DataWarrior is a powerful, open-source software primarily used in the life sciences for interactive data visualization and analysis, and with a strong emphasis on chemical intelligence. It allows users to explore tabular data, visualize chemical structures, and analyze structure-activity relationships. This versatility makes it an invaluable tool for researchers seeking to extract hidden knowledge from large chemical datasets. The following list of “Ten DataWarrior Tricks You Might Not Know” promises to reveal lesser-known functionalities that can significantly enhance a user’s efficiency and analytical capabilities within the software.
- Sorting Table Data When clicking a column header in the table view, then all rows are sorted according to that column's data. Subsequent clicks toggle between ascending and descending sort oder. If some rows are selected and if you hold the 'Shift' key while sorting, then all selected rows show up at the top of the table followed be rest. Both row sets are still sorted by the column's content.
- Managing Data Subsets
- Defining Exclusion Groups in Substructures
- Animating Filters for Dynamic Views
- Pasting Structures from Various Formats
- Using Graphical Views as Filters
- Overriding Column Data Types
- Querying External SQL Databases
- Finding Columns by Name
- Locating the Reference Row
When browsing data and after selecting one single or multiple rows in any view, you may press Crtl-1 to add the selected row(s) to a default list. Repeating this multiple times, you may define a data subset of higher interest. Pressing Ctrl-0 removes selected rows from the default list. If marker color or table background color is associated with default list membership, then your view shows directly, which rows belong to your defined subset.

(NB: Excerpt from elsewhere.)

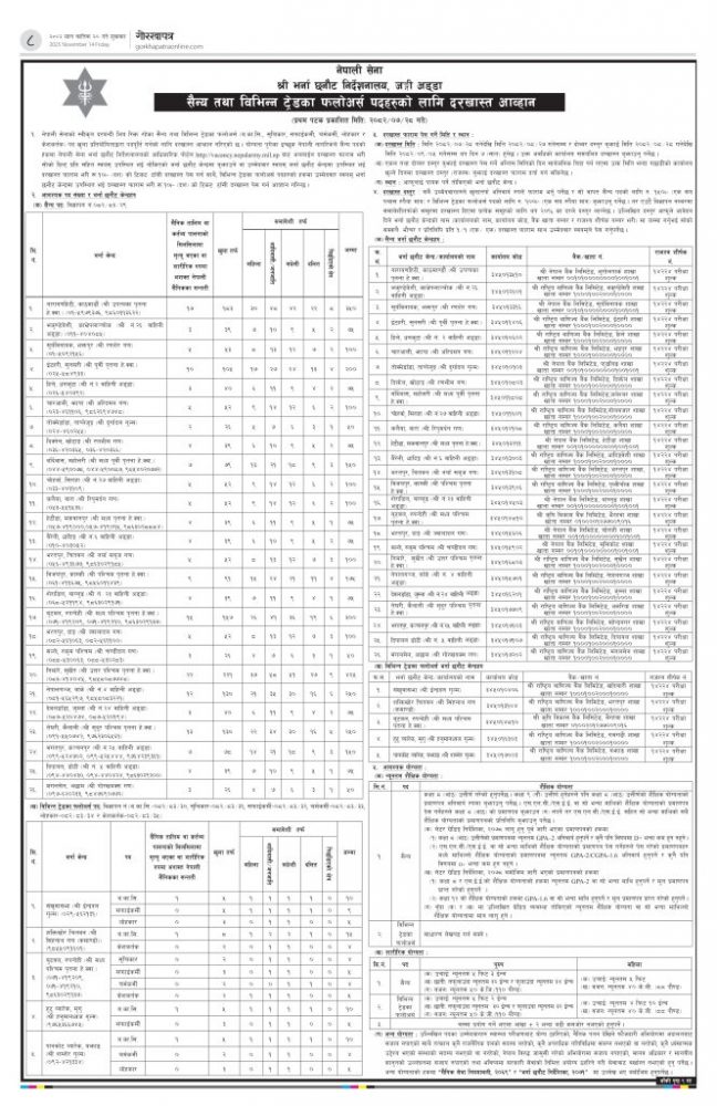 उपत्यका पृतना नारायणहिटीका लागि ३५० जना, काभ्रेको भकुण्डेबेसीस्थित २६ नम्बर बाहिनी अड्डाका लागि ७५ जना, भक्तपुरको सूर्यविनायकस्थित रणशेर गणका लागि एक सय जना, सुनसरीको इटहरीस्थित पूर्वी पृतना हेडक्वार्टरका लागि दुई जनालगायत विभिन्न गणमा विभिन्न सङ्ख्यामा सैन्य पदमा नयाँ भर्ना लिन लागेको हो ।

In a substructure filter or any other place where you can define a substructure, you may mark a substituent (one or multiple connected atoms) to be an ’exclude group’. Then this part of the substructure turns into a substructure within the substructure, which is not allowed at that position. This way, for instance, you may define amines as nitrogen atoms that are not allowed to carry a carbonyl group.
Some filters posses a ‘gear wheel’ icon, which lets you define animation parameters. These may cause the filter to automatically change the visible subset of rows over time. This way you may make a graphical view to automatically cycle through data categories or show the evolution of some properties over time.
Within the structure editor or on a structure filter you may press the right mouse button and select ‘Paste Structure or Name’. This does not only paste in a structure from the clipboard but also generates a chemical structure from any IUPAC name, trivial name, acronym, drug name, SMILES, CAS-Number from the clipboard.
You may turn any graphical view into a filter by clicking its configuration icon (wrench icon) and marking ‘Use View as Explicit Filter’. When you then select any data within this view, all other views show the same rows only.
Column data types are determined automatically. When you hover the mouse pointer over a column header, a tool tip displays the perceived type among other column related information. If the perceived type does not meet your expectation, e.g. because an otherwise numerical column contains some rows with non-numerical content, then you may overwrite the perceived type from the column header popup menu with ‘Set Column Data Type To…’.
You may use DataWarrior to directly query any in-house or external relational databases. For instance to retrieve all FDA approved drugs from the DrugCentral database, choose ‘Retrieve Data From SQL-Database’ from the ‘DataBase’ menu, input “postgresql://unmtid-dbs.net:5433/drugcentral” as connect string and “select structures.* from structures,approval where structures.id = approval.struct_id and approval.type = ‘FDA’” as SQL-statement. When asked for user and password, use “drugman” and “dosage”, respectively.
If a dataset has many columns, it may be a tedious task to find a particular column in the table. If you click the ‘magnification glass’ button at the top right of the table view, a field appears that lets you type in a part of a column name, causing all columns to vanish if their name doesn’t contain the typed string.
If you click on a marker in a graphical view, then you choose this row to be the so-called ‘Reference Row’, which is indicated by a red frame. In order to locate this reference row in the table view, you may click its the top left button, which causes the table to scroll as much as needed to reveal the reference row to you.